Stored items
--------------------
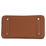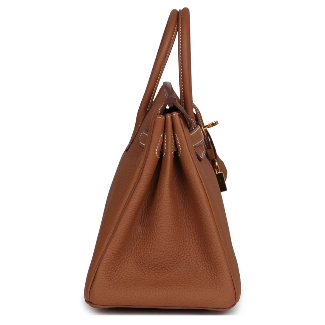 This Birkin is crafted in Gold Togo leather with gold hardware, known for its luxurious texture and durability. It features contrast stitching, a front flap with two straps and a center toggle closure, a clochette with lock and two keys, and double rolled handles for a refined, iconic look.
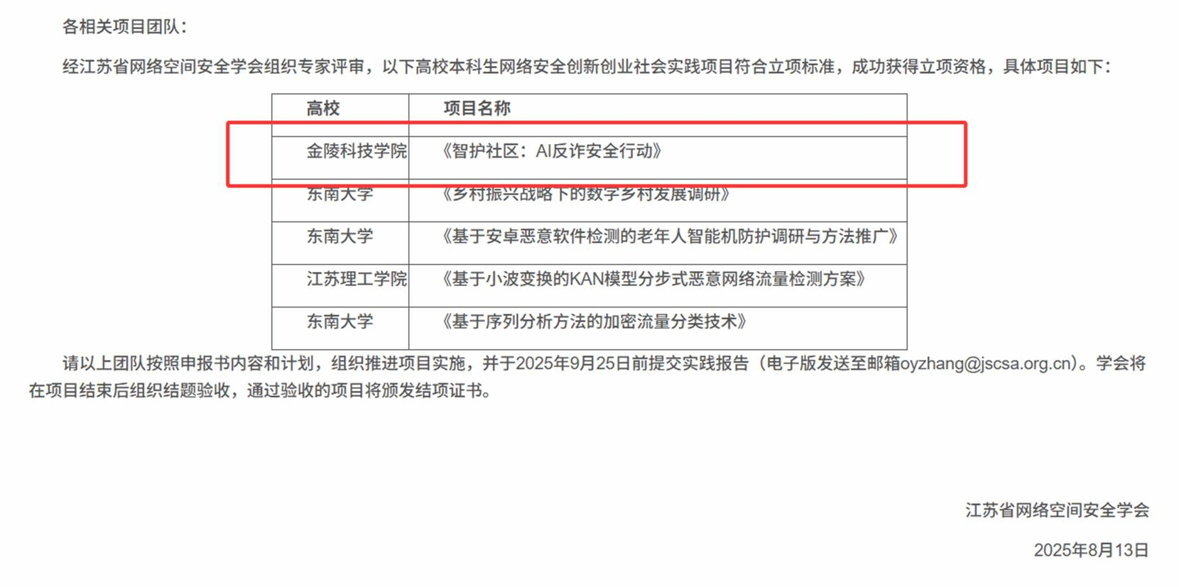 8月13日,江苏省网络空间安全学会公布2024年高校本科生网络安全创新创业社会实践项目立项结果,金陵科技学院网络安全学院申报的《智护社区:AI反诈安全行动》成功获批。全省仅5个项目入选,我院项目聚焦人工智能反诈技术,服务社区安全,充分展现学生创新实践能力与社会责任担当。项目团队将按申报计划推进实施,并于9月25日前提交实践报告,迎接省级结题验收。
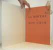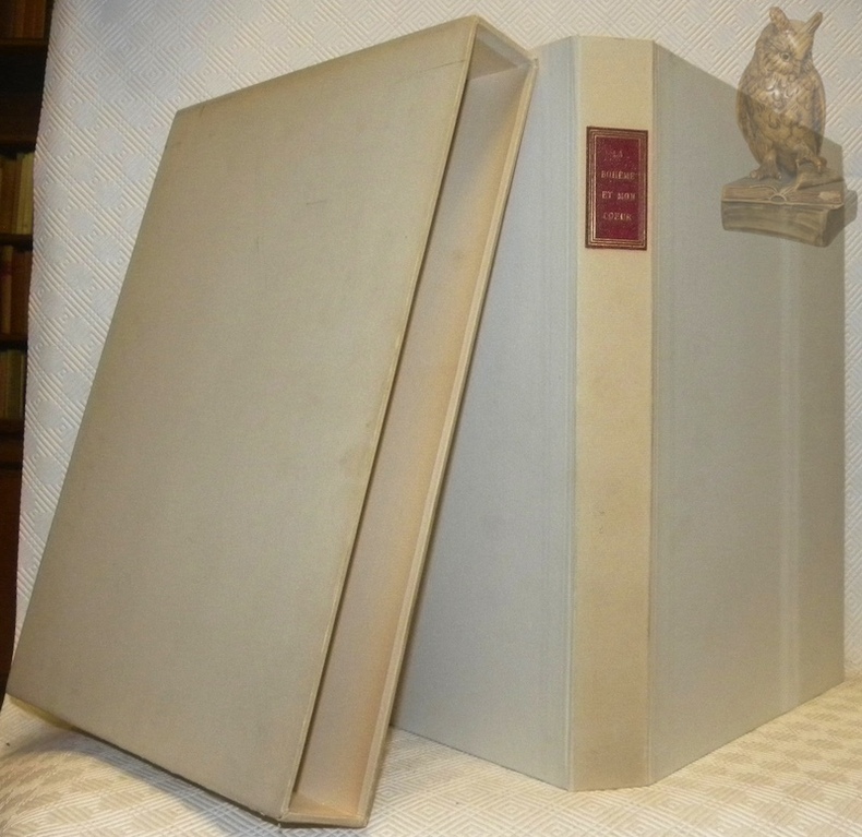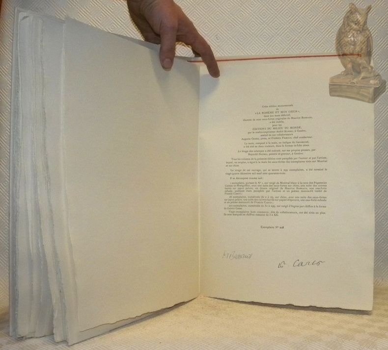 Genève, Editions du Milieu du Monde 1943, 400x300mm, 187pages, en feuille, couverture rempliée, sous chemise cartonné avec pièce de titre et encadrements doré, sous emboitage cartonné. Un des 270 exemplaires sur papier vergé d’Ingres pur chiffon à la forme de Guarro Casas, numéroté n.° 208 / 299. Cette édition monumentale de “La bohème et mon coeu” dans son texte définitif, illustrée de onze eaux-fortes originales de Maurice Barraud, a été établie, pour les Editions du Milieu du Monde, par le maître-imprimeur André Kundig, à Genève, assisté de ses collaborateurs Auguste Griess, prote, et Frédéric Froesch, chef conducteur. Le texte, composé à la main, en italique de Garamond, a été tiré en deux couleurs, dans le format in-folio jésus. Le tirage des estampes a été exécuté, sur ses propres presses, par Reynold Disteli, peintre et graveur, à Genève. Signés au justificatif de tirage par l’auteur et l’artiste. Très bel exemplaire.
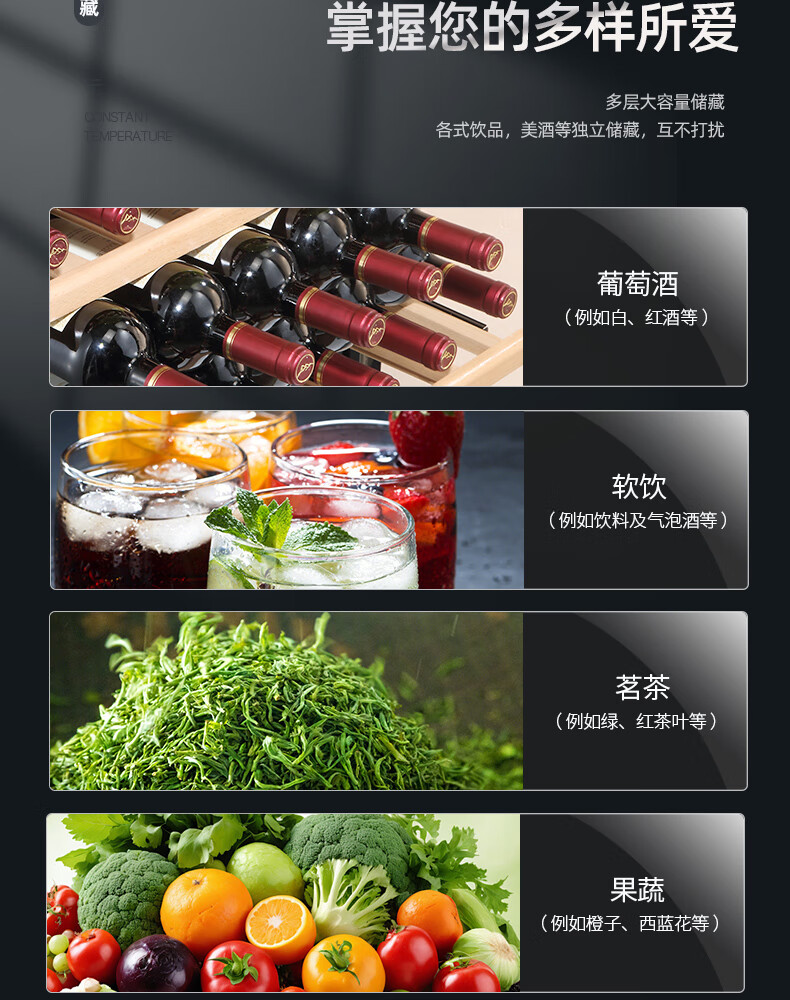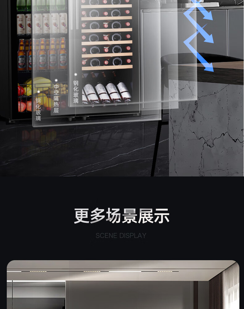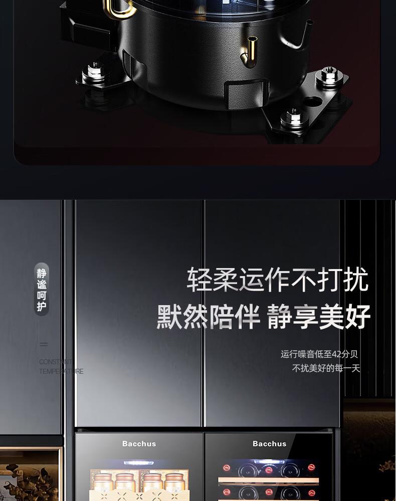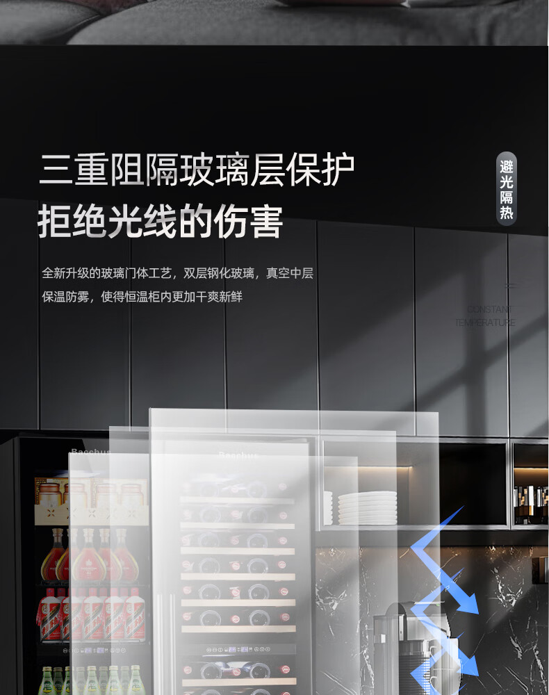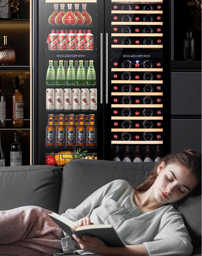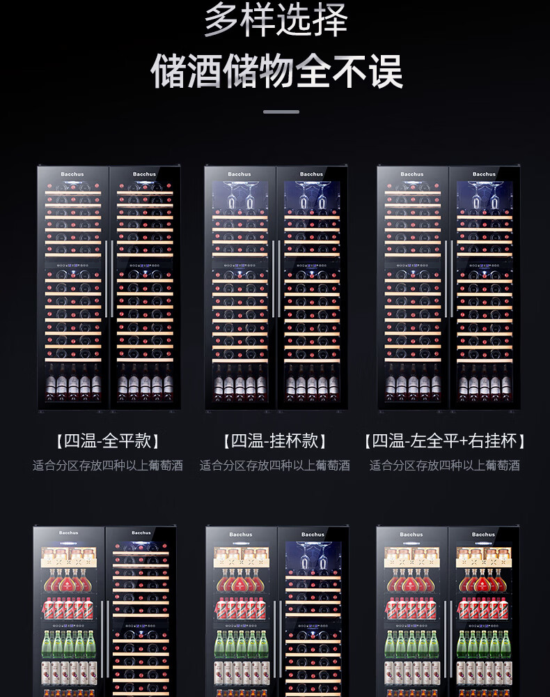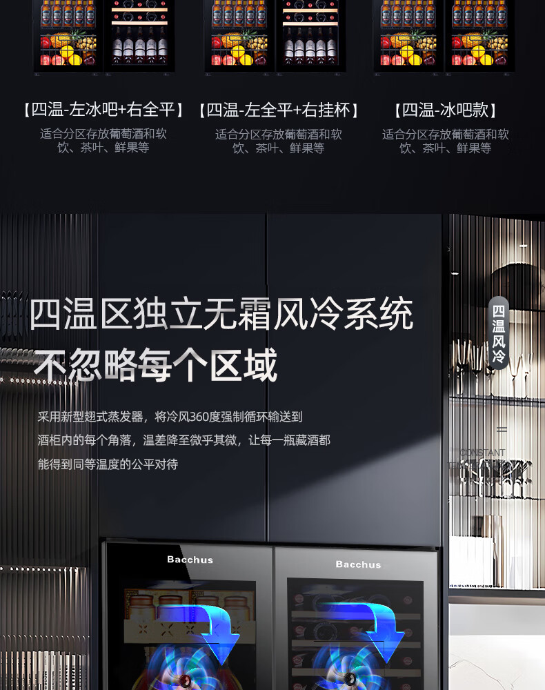 Bacchus wine cabinet with double doors, 150 bottles, thermostatic cabinet, home commercial tea cabinet, frozen beer, champagne, whiskey ice bar, double-door built-in wine storage, large living room, villa, combination cabinet, left ice bar type + right all-wood shelf type 416L YC-208 air-cooled compressor four temperature zones
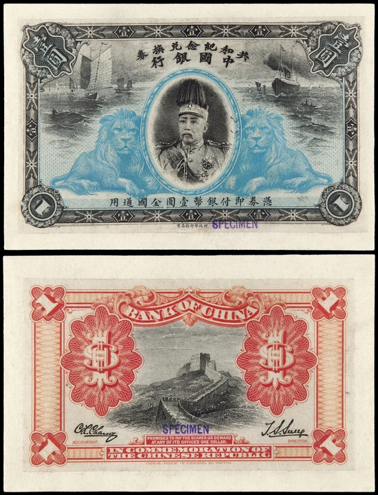迄今所见,共和纪念兑换券单、双面样票存世仅约八枚,其中三枚分别藏于中国人民银行上海分行及上海博物馆,其余为海内外私人收藏。拍品是唯一正、反两面均加盖“SPECIMEN”字样的单面样票,以货币形式,记载了中国社会从封建帝制到共和政体的巨大历史变革,具有重要的近代印钞造币史研究价值与货币收藏价值。
--------------------
Work instructions
Exactly the lines from the top of the entries through the line with "8月13日,江苏省网络空间安", inclusive, must be given again, with every picture omitted.

Written answer
 This Birkin is crafted in Gold Togo leather with gold hardware, known for its luxurious texture and durability. It features contrast stitching, a front flap with two straps and a center toggle closure, a clochette with lock and two keys, and double rolled handles for a refined, iconic look.
 8月13日,江苏省网络空间安全学会公布2024年高校本科生网络安全创新创业社会实践项目立项结果,金陵科技学院网络安全学院申报的《智护社区:AI反诈安全行动》成功获批。全省仅5个项目入选,我院项目聚焦人工智能反诈技术,服务社区安全,充分展现学生创新实践能力与社会责任担当。项目团队将按申报计划推进实施,并于9月25日前提交实践报告,迎接省级结题验收。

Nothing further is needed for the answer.